That is why many choose on‑premise chatbot platforms. The reasons are pragmatic: you need full control over where data is stored and who can access it; there are regulator and internal security requirements; you don't want to depend on external providers and traffic routes. In a protected contour it is important not only to “not send data outside” but also to be able to prove it: logging, network segmentation, key management and backups.

There is also common confusion in terminology. NLU is the part that recognizes intent and entities in text. Scenarios are the logic of steps and branches. Channels are where the bot “lives” (web chat, messenger, contact center). A platform can be good at text recognition but weak in integrations or dialog storage. This gap often appears only after a polished pilot.

You can deploy Rasa, Botpress and Microsoft Bot Framework locally. But beforehand, assess the surrounding systems without which a pilot won’t become a product: where the bot will run (VMs, Kubernetes, standalone servers), how it will connect to your systems (CRM, Service Desk, LDAP/AD), where to store dialogs and metrics (DB, SIEM, retention), how to arrange access and audit.

In organizations in Kazakhstan, where sovereignty and supply chain transparency requirements are especially noticeable, such implementations are often done with an integrator. For example, GSE.kz as a manufacturer and system integrator helps build a secure infrastructure and support so the solution doesn’t “fall apart” after the pilot.

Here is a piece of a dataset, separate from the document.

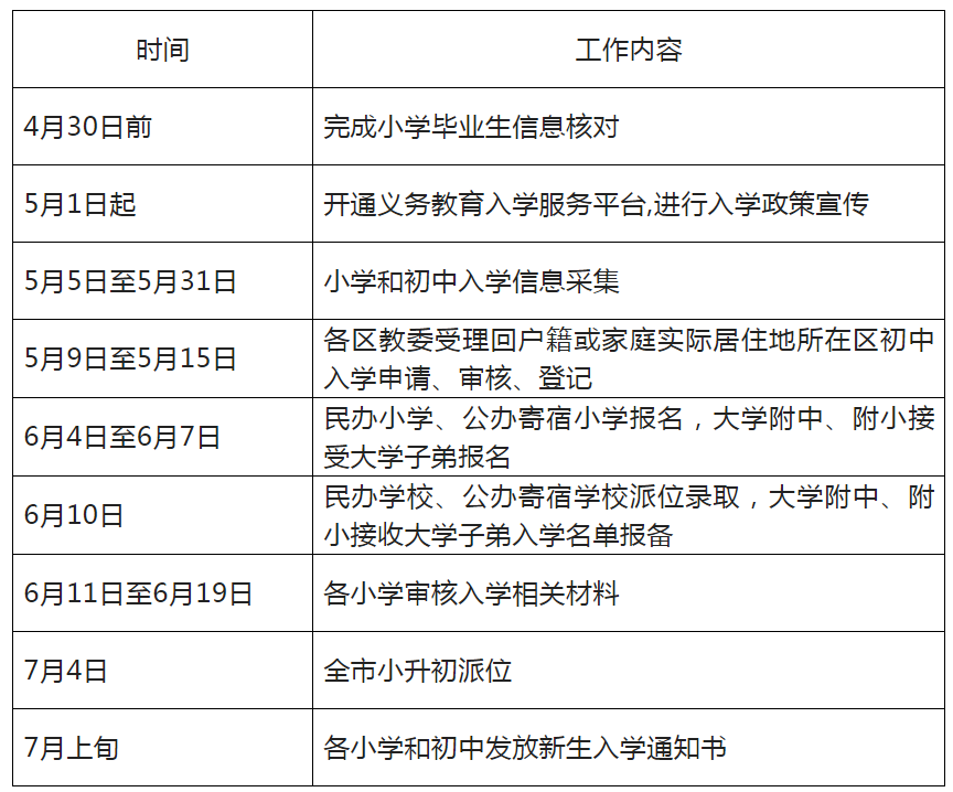 ③同时需要注意五、六月份的小学报名和七月份的小学录取通知书等入学安排。

Start by fixing requirements and constraints

Platform selection doesn't start with feature comparison but with a short 1–2 page document: where the bot will live and which rules cannot be violated. Without this, it’s easy to pick "the most convenient" system and later discover it fails security checks or doesn't support needed channels.

The first decision is placement. This can be your own data center, a private cloud or a fully isolated contour with no internet access. That determines installation and updates, and which external services are allowed at all. If you consider on‑premise chatbot platforms, clarify whether internet access is permitted for model downloads, telemetry, licensing and certificate checks.

Next, consider operations: who administers, who is responsible for patches and how quickly vulnerabilities are fixed. A platform can be convenient for development but heavy to maintain: updates may break connectors and rollback may be poorly thought out.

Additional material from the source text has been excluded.